Saturday, April 30, 2016

Masa Balls For Passover


Why was this night different from any other night? Because homemade corn tortillas were on the menu during Passover. Not that I adhere to the dietary laws of Passover. As a non-practicing Jew, I usually pass right over them. My everyday diet is punishment enough. But this year, what’s permissible to eat during those eight days of menu mehs includes what's known as kitniyot—corn, legumes, rice and seeds—that were forbidden for centuries. 

Mazel tov! Jews are free from the shackles of an 800-year ban on innocuous foodstuffs! But who passes Passover amendments, anyway? Ruth Bader Ginsburg? They don’t call the badass Supreme Court Justice Notorious RBG for nada. If she bangs her gavel and proclaims it okay to eat tortillas while commemorating our liberation from slavery in Egypt, then who am I to argue? Bring on the masa (as long as it’s not GMO corn. I’m pretty sure Moses wouldn’t be down with that). But if it's not her, who are these grain and legume authorities nulling sacred Passover practices, and why change the laws now?

First of all, matzo is made of flour and water—but not just any flour. It must be ground from wheat, barley, spelt, rye or oat that has not been allowed to ferment and rise. During Passover, leavened foods, known as chametz, are forbidden, and while Ashkenazi Jews from Eastern European descent were prohibited from kitniyot, the same rule didn’t apply to Sephardic Jews from Spain and the Mediterranean. 

Rabbis can’t really agree on why kitniyot was forbidden in the first place, but one theory is that since these foods were stored in the same sacks as the chametz grains, people may have worried about cross contamination or that both types of grains may have grown in the same fields. In any case, it’s likely that worrying was involved. And kvetching, too, since Ashkenazi Jews have been complaining about this rule for generations. 

So last year, some influential rabbis with the Conservative movement argued that kitniyot should be allowed, so they lifted the ban. But inquiring minds want to know why. Was it Big Grain lobbyists? Citizens Kitniyot United? A Passover super PAC? Did the Koch brothers convert to Judaism?

Some rabbis suggest that some traditional concerns surrounding kitniyot are simply no longer problems. Now that we buy our grain in supermarkets in sealed packages that are carefully labeled, any fear that a bit of wheat flour might make it into cornmeal or rice flour is mitigated.  
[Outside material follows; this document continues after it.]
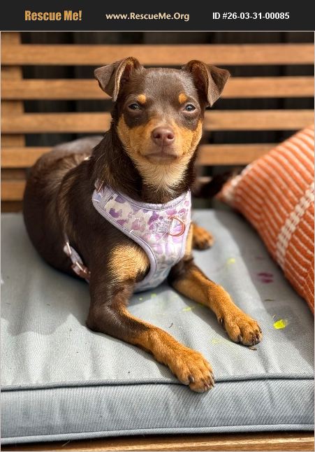 Sienna is a Chihuahua, Miniature Poodle, Russel Terrier, Miniature Pinscher mix, weighing in at 11lbs. She is approximately 6 months old. She's a smart, playful, and affectionate puppy who loves going on walks, runs, and hikes. She also enjoys chew treats and learning tricks. She is fine to be left alone. She is potty trained and crate trained, and knows basic commands like sit, lie down, and leave it. She can be a bit anxious and reactive at times (barking at new people or situations), and she would benefit from a calmer home where she can build confidence. She also has a strong prey drive, so she would do best in a home without cats or small animals. Because of her energy and sensitivity, we think she would thrive in a home with older children or adults who can provide consistent training and guidance.

Rabbi Elliot Dorff, chair of the movement’s law and standards committee, said “It was not a wise custom to begin with, and in our day, when you have Jews of Ashkenazi descent married to Jews of Sephardic descent, it gets really hard to figure out what to do in your house.” He said there was also another reason behind the decision: the rise of vegans and gluten allergies. “I think that’s why it came up now as opposed to a generation ago,” he said.

It just goes to show how market trends can become movements that impact more than the marketplace. Voting with your dollar can help change 800-year-old laws. I can't wait for next year's Passover. I'm thinking sustainable gefilte fish will be having its moment.